I often hear people who are happy because PyPy makes their code 2 times faster
or so. Here is a short personal story which shows PyPy can go well beyond
that.
DISCLAIMER: this is not a silver bullet or a general recipe: it worked in
this particular case, it might not work so well in other cases. But I think it
is still an interesting technique. Moreover, the various steps and
implementations are showed in the same order as I tried them during the
development, so it is a real-life example of how to proceed when optimizing
for PyPy.
Some months ago I
played a bit with evolutionary algorithms: the ambitious
plan was to automatically evolve a logic which could control a (simulated)
quadcopter, i.e. a
PID controller (
spoiler: it doesn't fly).
The idea is to have an initial population of random creatures: at each
generation, the ones with the best fitness survive and reproduce with small,
random variations.
However, for the scope of this post, the actual task at hand is not so
important, so let's jump straight to the code. To drive the quadcopter, a
Creature has a
run_step method which runs at each
delta_t (
full
code):
class Creature(object):
INPUTS = 2
OUTPUTS = 1
STATE_VARS = 1
...
def run_step(self, inputs):
self.state[self.STATE_VARS:] = inputs
out_values = np.dot(self.matrix, self.state) + self.constant
self.state[:self.STATE_VARS] = out_values[:self.STATE_VARS]
outputs = out_values[self.STATE_VARS:]
return outputs
- inputs is a numpy array containing the desired setpoint and the current
position on the Z axis;
- outputs is a numpy array containing the thrust to give to the motors.

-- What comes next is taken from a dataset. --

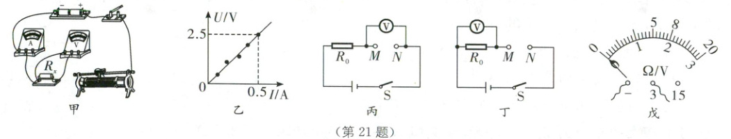 ①小明在电路的M、N两点之间接入一个电阻箱,调节旋钮使它接入电路的阻值分别为5Ω、8Ω、20Ω,闭合开关,发现电压表指针分别指向1.5V、2.0V、3.0V的刻度线,于是他在表盘相应位置标出了电阻的数值,如图戊所示. 以此类推再标出其他刻度线,电压表就可以用来间接测量阻值了,由以上数据可知,电源电压为______V,定值电阻R₀的阻值为______Ω;
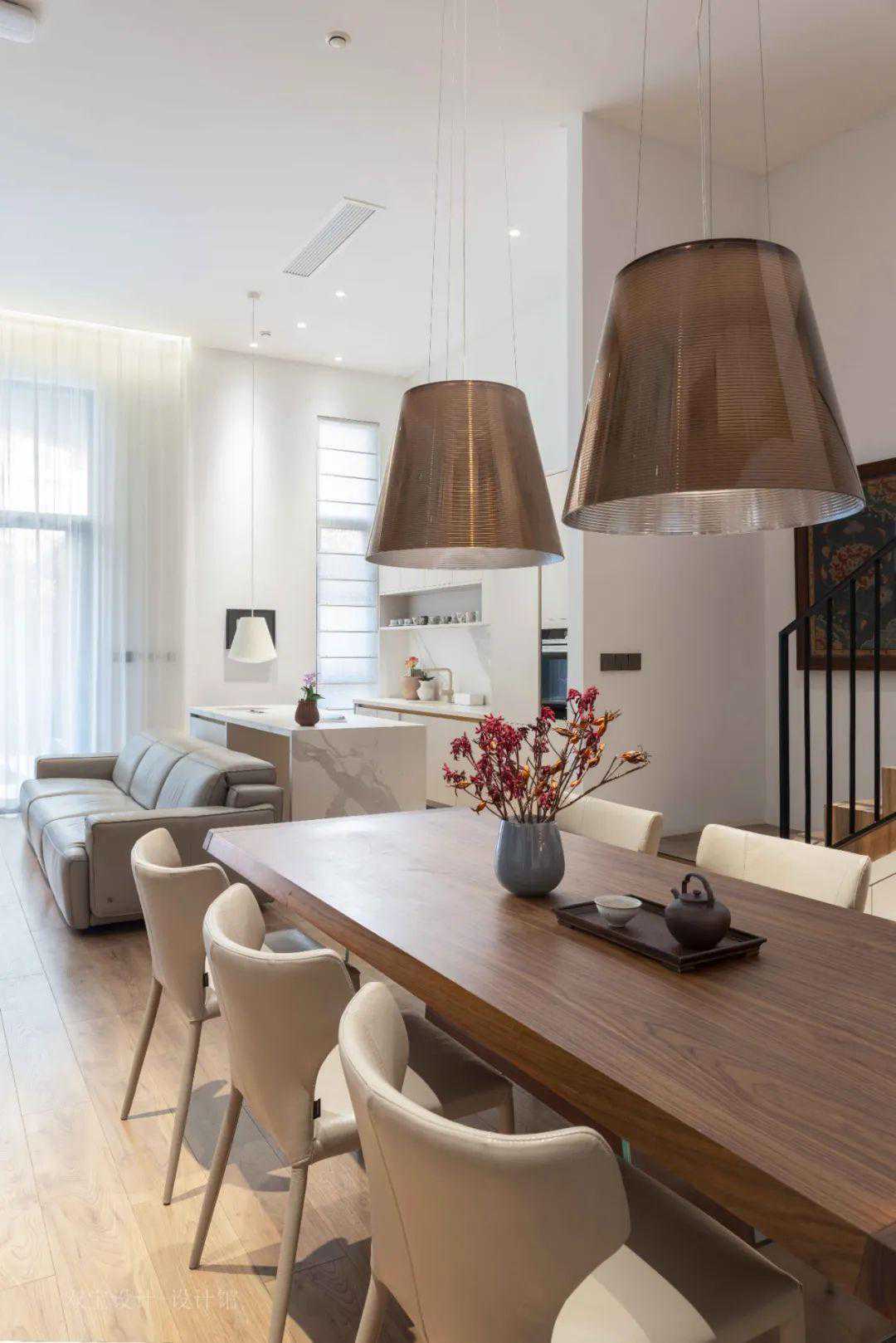 ▲厚板台面的实木餐桌,搭配卡其色皮艺餐椅,还有铜色吊灯,整个餐厅的软装质感与木地板的材质保持一致,风格和谐自然。

To
start easy, all the 4 motors are constrained to have the same thrust, so
that the quadcopter only travels up and down the Z axis;
- self.state contains arbitrary values of unknown size which are passed from
one step to the next;
- self.matrix and self.constant contains the actual logic. By putting
the "right" values there, in theory we could get a perfectly tuned PID
controller. These are randomly mutated between generations.
run_step is called at 100Hz (in the virtual time frame of the simulation). At each
generation, we test 500 creatures for a total of 12 virtual seconds each. So,
we have a total of 600,000 executions of
run_step at each generation.
At first, I simply tried to run this code on CPython; here is the result:
$ python -m ev.main
Generation 1: ... [population = 500] [12.06 secs]
Generation 2: ... [population = 500] [6.13 secs]
Generation 3: ... [population = 500] [6.11 secs]
Generation 4: ... [population = 500] [6.09 secs]
Generation 5: ... [population = 500] [6.18 secs]
Generation 6: ... [population = 500] [6.26 secs]
Which means ~6.15 seconds/generation, excluding the first.
Then I tried with PyPy 5.9:
$ pypy -m ev.main
Generation 1: ... [population = 500] [63.90 secs]
Generation 2: ... [population = 500] [33.92 secs]
Generation 3: ... [population = 500] [34.21 secs]
Generation 4: ... [population = 500] [33.75 secs]
Ouch! We are ~5.5x slower than CPython. This was kind of expected: numpy is
based on cpyext, which is infamously slow. (Actually,
we are working on
that and on the
cpyext-avoid-roundtrip branch we are already faster than
CPython, but this will be the subject of another blog post.)
So, let's try to avoid cpyext. The first obvious step is to use
numpypy
instead of numpy (actually, there is a
hack to use just the micronumpy
part). Let's see if the speed improves:
$ pypy -m ev.main # using numpypy
Generation 1: ... [population = 500] [5.60 secs]
Generation 2: ... [population = 500] [2.90 secs]
Generation 3: ... [population = 500] [2.78 secs]
Generation 4: ... [population = 500] [2.69 secs]
Generation 5: ... [population = 500] [2.72 secs]
Generation 6: ... [population = 500] [2.73 secs]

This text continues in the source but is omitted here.